The journey was off to a good start.
The journey took just over an hour.
Guangzhou South Railway Station is huge and modern. It’s a fair distance from the city centre, but a 24-hour pass cost only 20rmb.
The metro system is clean, bright and modern. They have driverless cars, the carriages are wide and every station has glass screens with automatic doors at the edge of the platform.
When we arrived at the hostel, we found out that the government currently has a policy of not allowing foreigners to stay in hostels, which seemed strange. But this wasn’t a problem and we stayed in a nearby hotel.
Once we dropped off our bags, we could start exploring. The city is loud and animated. After walking around, we got some lunch on Beijing Road.
I tried some of the famous bubble tea.
As evening approached, we walked around the park on Yuexiu Mountain, where we saw The Five Rams. They are meant to bring good fortune to the city.
We then made our way to the Flower City Square, near the Pearl River, where we got a good view of the Canton Tower. This structure is an impressive feat of architecture. It stands at 600 meters, making it the third tallest tower in the world.
After some more walking around and being taken in by the lively atmosphere and the modern cityscape, we got some dinner and returned to the hotel to get some rest.
On Boxing Day, we went to the China Communist Party’s Third Congress Museum. It was all in Chinese, but my friends were very helpful by translating the key points.
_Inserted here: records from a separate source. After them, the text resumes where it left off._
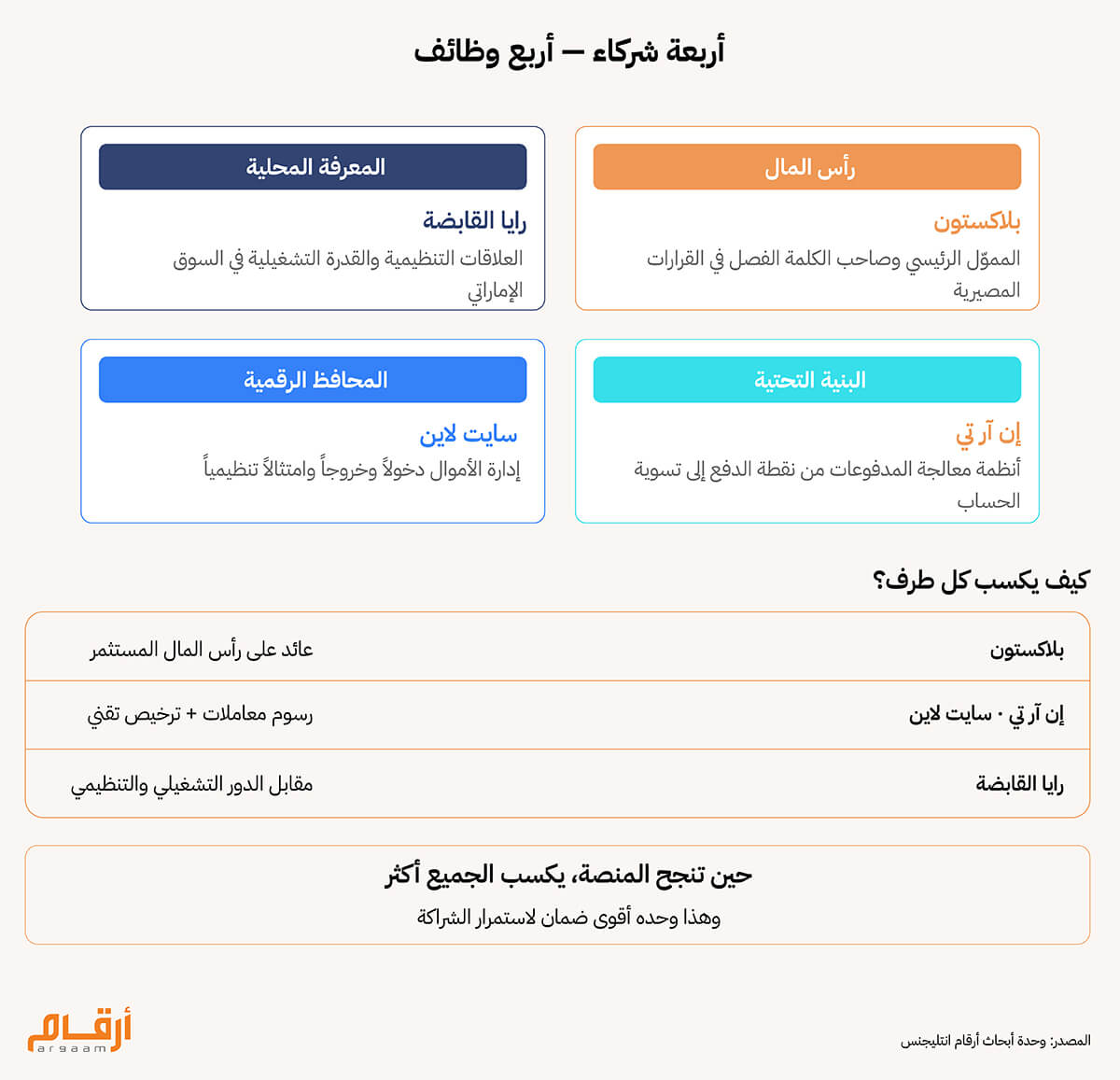 🤝 أربعة شركاء، وأربع وظائف لا تتقاطع لم تُفصح الأطراف في الصفقة عن تفاصيل الملكية أو آليات اتخاذ القرار في الكيان الجديد، وهذا أمر معتاد في صفقات من هذا النوع. غير أن طبيعة كل شريك وحجم ما قدّمه تكشف بنفسها عن منطق توزيع الأدوار. النموذج التجاري لهذا التحالف يختلف عن الشراكات التقليدية التي يتحدد فيها نصيب كل طرف بحجم حصته في رأس المال. هنا، كل شريك يكسب من خلال ما يُقدّمه فعلا: بلاكستون تحصل على عائد مالي بوصفها المموّل الرئيسي. شركتا إن آر تي و سايت لاين تحصلان على رسوم مقابل كل معاملة تمر عبر تقنيتيهما، إضافة إلى عوائد مرتبطة بترخيص هذه التقنية — أي أن دخلهما يرتفع تلقائياً كلما نما حجم النشاط على منصة الألعاب والمراهنات. أما شركة رايا، فتحصل على مقابل دورها التشغيلي والتنظيمي الذي يجعل المنصة قادرة على العمل في السوق الإماراتي أصلا. النتيجة هيكل يصبّ في مصلحة الجميع: حين تنجح المنصة، يكسب كل شريك أكثر — وهذا بحد ذاته أقوى ضمان لاستمرار التحالف وتماسكه. ![]() السؤال الجوهري هنا: لماذا اختارت بلاكستون هذا الشكل من الشراكة الرباعية بدلاً من الاستحواذ المباشر على أحد الأصول في الإمارات؟ الإجابة تكشف عن منطق أكبر يحكم طريقة تعامل رأس المال الدولي مع منطقة الخليج العربي في هذه المرحلة تحديدا بسبب التوترات الجيوسياسية. حين يتوزع الاستثمار بين أربعة أطراف، لا يتحمل أي منهم وحده تبعات الخطأ إن وقع. وفي بيئة قد يتقلب فيها المشهد الجيوسياسي بسرعة، وتكون فيها تكلفة الرهان الخاطئ مرتفعة، يصبح توزيع المخاطر ضرورة استراتيجية لا مجرد خيار تفضيلي.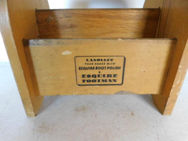Oak Shoe Shine Box Esquire Polish Stamp 10"x11"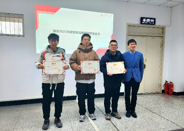 2023年度特高压电网奖学金表彰决定,并代表学院向张颢严等10位荣获本年度特高压电网奖学金的优秀学生表示祝贺。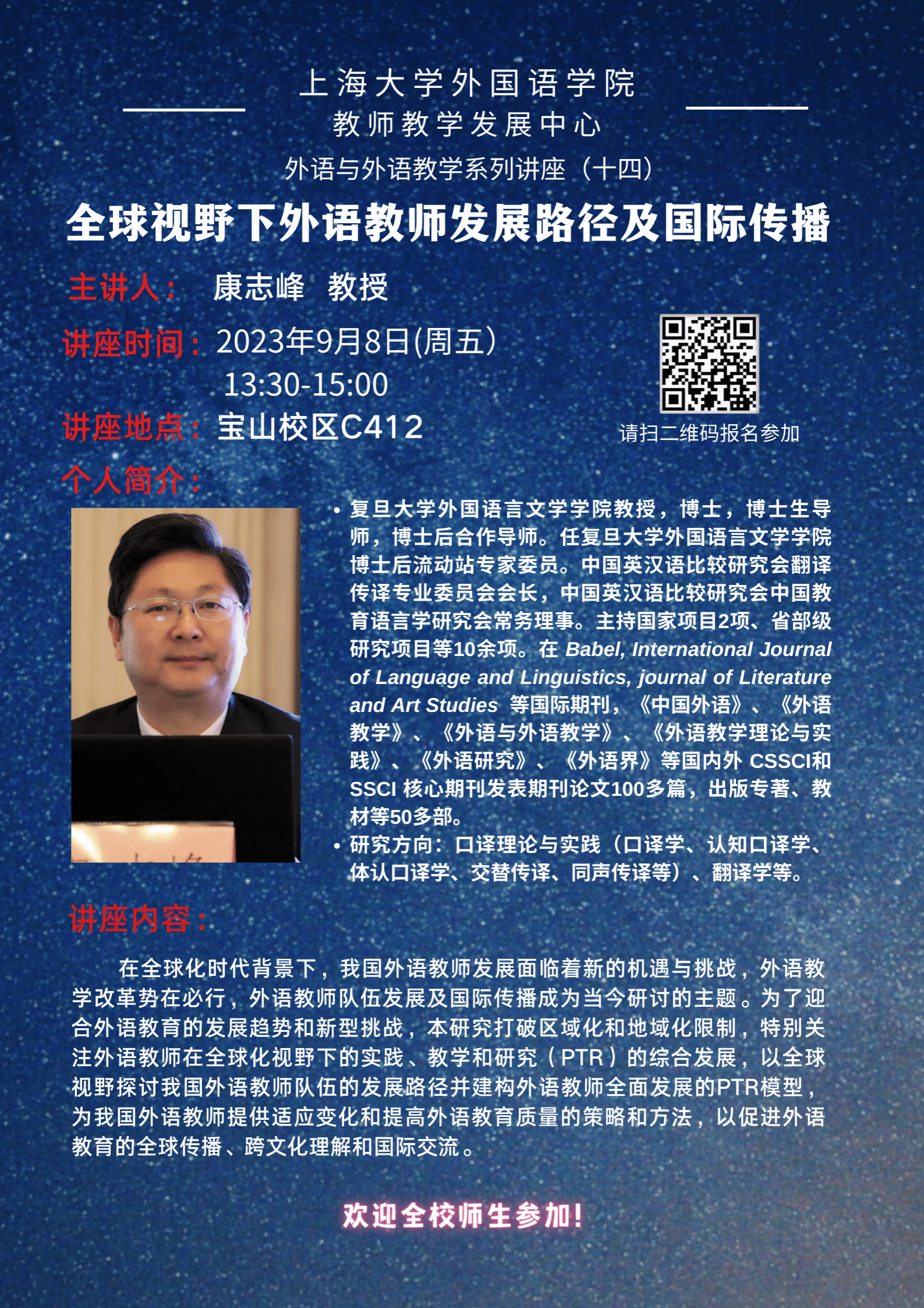 外国语学院教师教学发展中心讲座(十四)全球视野下外语教师发展路径及国际传播

We then headed over to the Chen Clan Ancestral Hall Museum, which was an academic temple. It is a site of historic and cultural significance, and it contains a number of beautiful pieces of artwork, from pottery to wood carvings and ivory.
Another attraction that we went to see was the Nanyue King’s Tomb in the Museum of the Western Han Dynasty Mausoleum. This was interesting and informational. I learnt that the King was buried with fifteen sacrificial people.
The last site that we saw was Shamian Island, which offers a glimpse into China’s colonial past. The island is a tranquil, scenic stretch of land that is shaded by trees and contains old colonial-era buildings. The southern side is encircled by the Pearl River. A canal separates the northern part from the mainland. Shamian Island was given to the UK and France in the nineteenth century.
The building that caught my attention the most was the old Soviet Union Consulate, which is now abandoned and has fallen into a state of disrepair.
After dinner, we made our way to the railway station and caught a late train back to Zhuhai. It was a different Christmas experience, for sure.